On the official IRC chat some people tried to help, however this patently is
not a common issue. How weird. Who wants to install an OS without being able
to verify the image seal? Downloading through HTTPS may be MITM'ed, or the
image replaced on the server.

I reported the problem. Somebody also reported it more than a year afterwards.

More than 2 years after my initial report... the ticket remains open. At best
the BTS seems neglected.

The FreeBSD maintainers probably agree upon the relative importance of those
seals, because they publish them at
[https://www.freebsd.org/releases/12.1R/signatures.html](https://www.freebsd.org/releases/12.1R/signatures.html)
, however this is neglected in documentation (
[https://www.freebsd.org/doc/en_US.ISO8859-1/books/handbook/b...](https://www.freebsd.org/doc/en_US.ISO8859-1/books/handbook/bsdinstall-
pre.html) ). BTW I just noticed that the signing key isn't in the strongset (
[https://pgp.cs.uu.nl/mk_path.cgi?FROM=8D12403C2E6CAB086CF64D...](https://pgp.cs.uu.nl/mk_path.cgi?FROM=8D12403C2E6CAB086CF64DA3031458A5478FE293&TO=EF201A39)
)

Everyone involved probably thinks there are more important things to do. I
don't complain, as nobody "has to" do anything upon this matter.

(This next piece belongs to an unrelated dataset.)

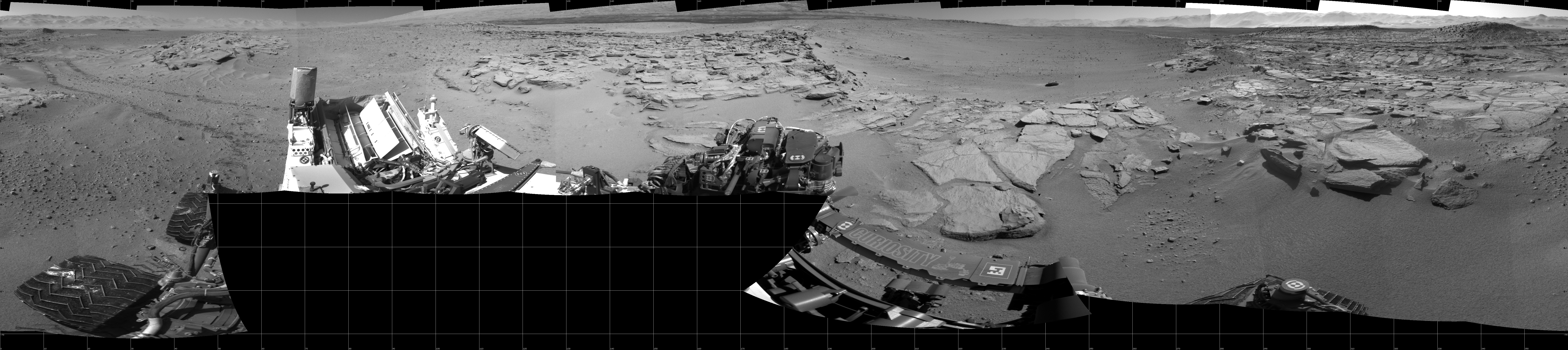 NASA's Mars rover Curiosity took 18 images in Gale Crater using its mast-mounted Left Navigation Camera (Navcam) to create this mosaic. The seam-corrected mosaic provides a 360-degree cylindrical projection panorama of the Martian surface centered at 180 degrees azimuth (measured clockwise from north). Curiosity took the images on May 17, 2014, Sol 631 of the Mars Science Laboratory mission at drive 0, site number 32. The local mean solar time for the image exposures was from 1 PM to 2 PM. Each Navcam image has a 45 degree field of view. CREDIT: NASA/JPL-Caltech
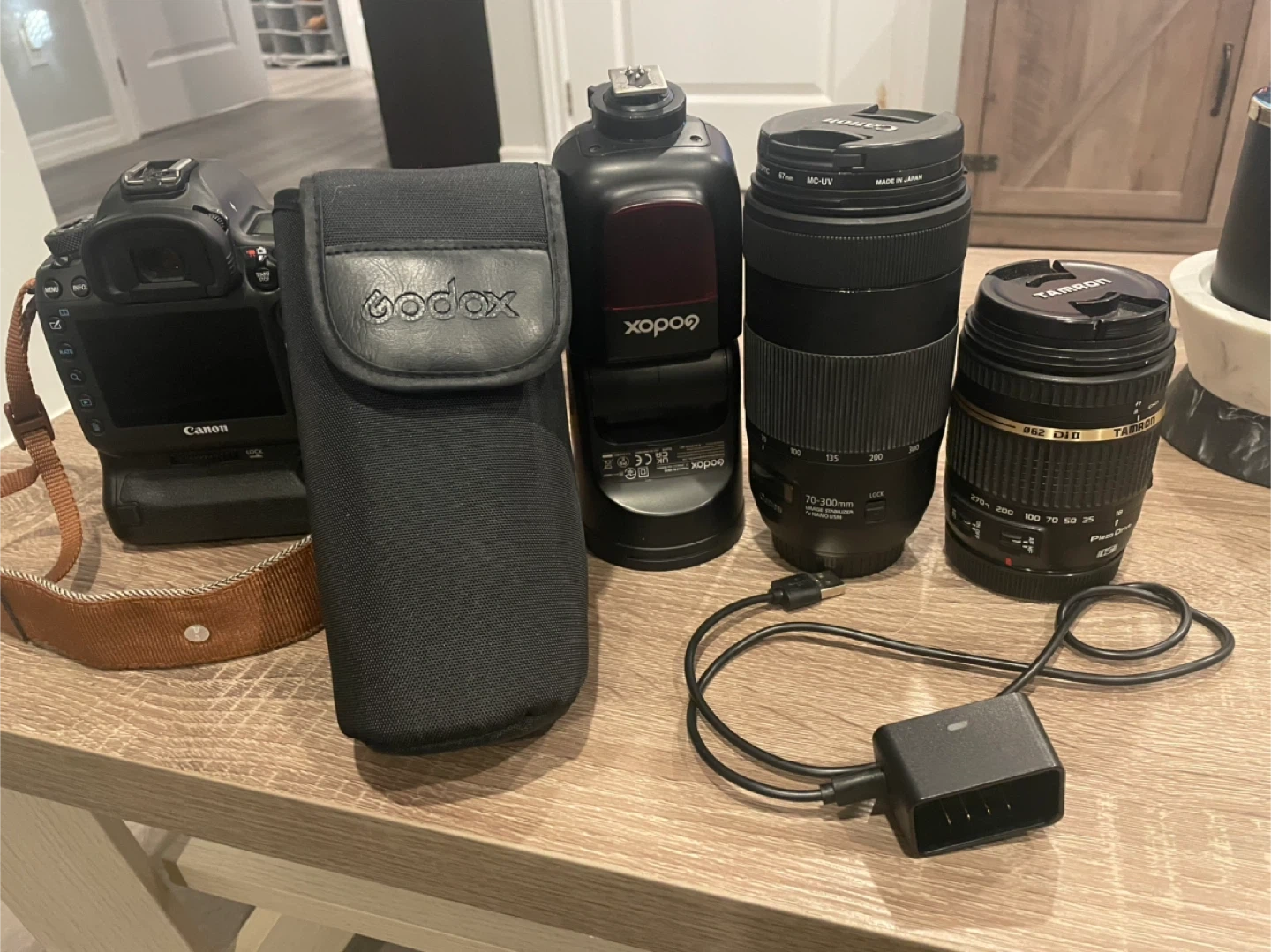 Selling a Canon EOS 5Ds camera body in great condition! Includes a variety of lenses and a Godox flash unit. Perfect for photography enthusiasts or professionals looking for a reliable and high-resolution setup. Comes with everything you see in the pictures!

My point is that such a way to handle this may reveal that most FreeBSD
"hacktivists" just aren't willing to do such menial but necessary onboarding-
facilitating job, which would IMHO be useful.

It may be part of the reasons why FreeBSD has way less users than it could and
should. In a way it is related to "ease of use", however this "image sealing"
is more fundamental than bells, whistles and porcelain.

The ticket:
[https://bugs.freebsd.org/bugzilla/show_bug.cgi?id=222044](https://bugs.freebsd.org/bugzilla/show_bug.cgi?id=222044)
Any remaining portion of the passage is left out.